▸ **INPUT DATA**:
•••••

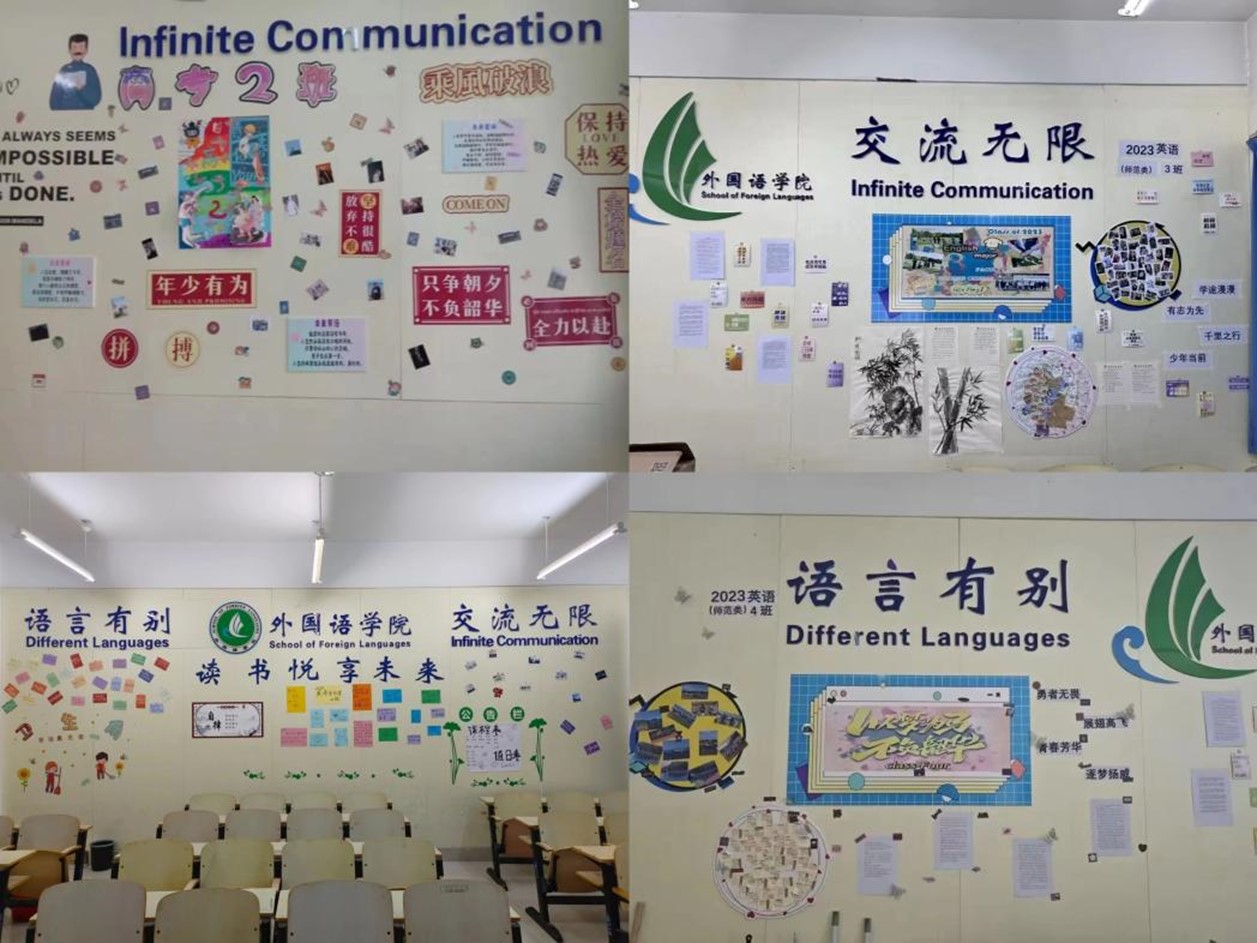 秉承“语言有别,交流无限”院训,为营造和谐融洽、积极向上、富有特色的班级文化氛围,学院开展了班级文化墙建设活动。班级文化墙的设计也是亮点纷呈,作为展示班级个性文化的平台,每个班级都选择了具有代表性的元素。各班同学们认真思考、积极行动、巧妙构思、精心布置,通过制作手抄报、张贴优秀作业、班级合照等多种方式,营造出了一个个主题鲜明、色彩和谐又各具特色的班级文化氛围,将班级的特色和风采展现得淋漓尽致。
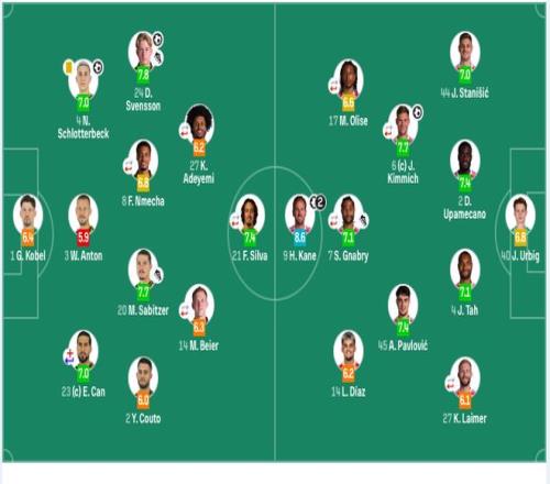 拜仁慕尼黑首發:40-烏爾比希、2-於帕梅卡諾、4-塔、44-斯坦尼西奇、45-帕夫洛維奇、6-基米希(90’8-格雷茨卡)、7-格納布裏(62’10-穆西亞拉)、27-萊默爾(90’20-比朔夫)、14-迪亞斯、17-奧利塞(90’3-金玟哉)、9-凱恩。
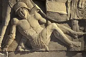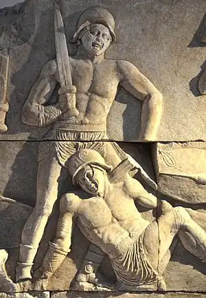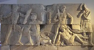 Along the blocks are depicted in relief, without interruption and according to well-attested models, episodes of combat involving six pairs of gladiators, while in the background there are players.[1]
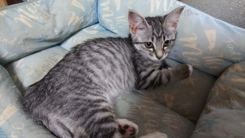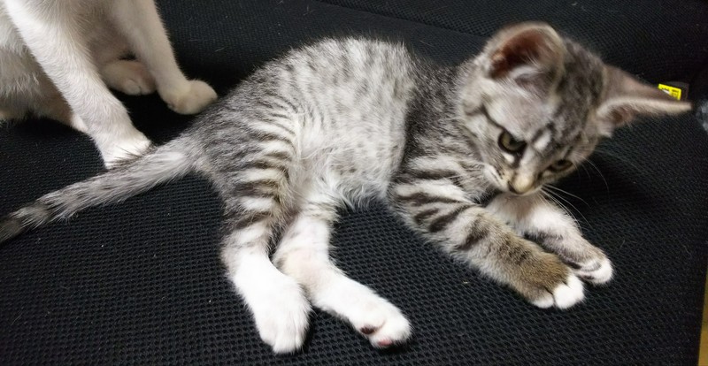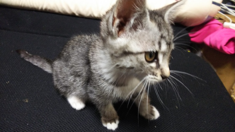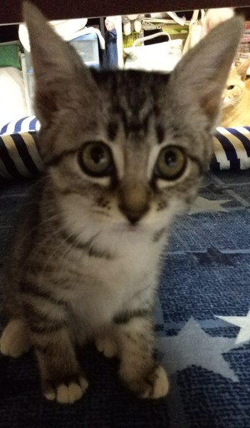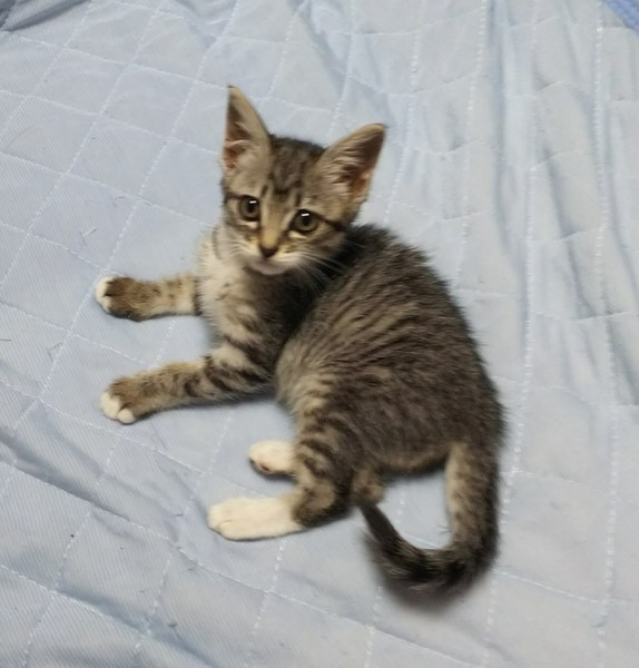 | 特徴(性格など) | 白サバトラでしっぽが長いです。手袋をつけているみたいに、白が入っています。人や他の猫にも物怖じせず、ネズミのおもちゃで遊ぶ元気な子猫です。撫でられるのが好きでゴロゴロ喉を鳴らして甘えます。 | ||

•••••

When you write out the material above, keep every line exact and drop each picture.

▸ **ANSWER BELOW**:
 秉承“语言有别,交流无限”院训,为营造和谐融洽、积极向上、富有特色的班级文化氛围,学院开展了班级文化墙建设活动。班级文化墙的设计也是亮点纷呈,作为展示班级个性文化的平台,每个班级都选择了具有代表性的元素。各班同学们认真思考、积极行动、巧妙构思、精心布置,通过制作手抄报、张贴优秀作业、班级合照等多种方式,营造出了一个个主题鲜明、色彩和谐又各具特色的班级文化氛围,将班级的特色和风采展现得淋漓尽致。
 拜仁慕尼黑首發:40-烏爾比希、2-於帕梅卡諾、4-塔、44-斯坦尼西奇、45-帕夫洛維奇、6-基米希(90’8-格雷茨卡)、7-格納布裏(62’10-穆西亞拉)、27-萊默爾(90’20-比朔夫)、14-迪亞斯、17-奧利塞(90’3-金玟哉)、9-凱恩。
 Along the blocks are depicted in relief, without interruption and according to well-attested models, episodes of combat involving six pairs of gladiators, while in the background there are players.[1]
 | 特徴(性格など) | 白サバトラでしっぽが長いです。手袋をつけているみたいに、白が入っています。人や他の猫にも物怖じせず、ネズミのおもちゃで遊ぶ元気な子猫です。撫でられるのが好きでゴロゴロ喉を鳴らして甘えます。 | ||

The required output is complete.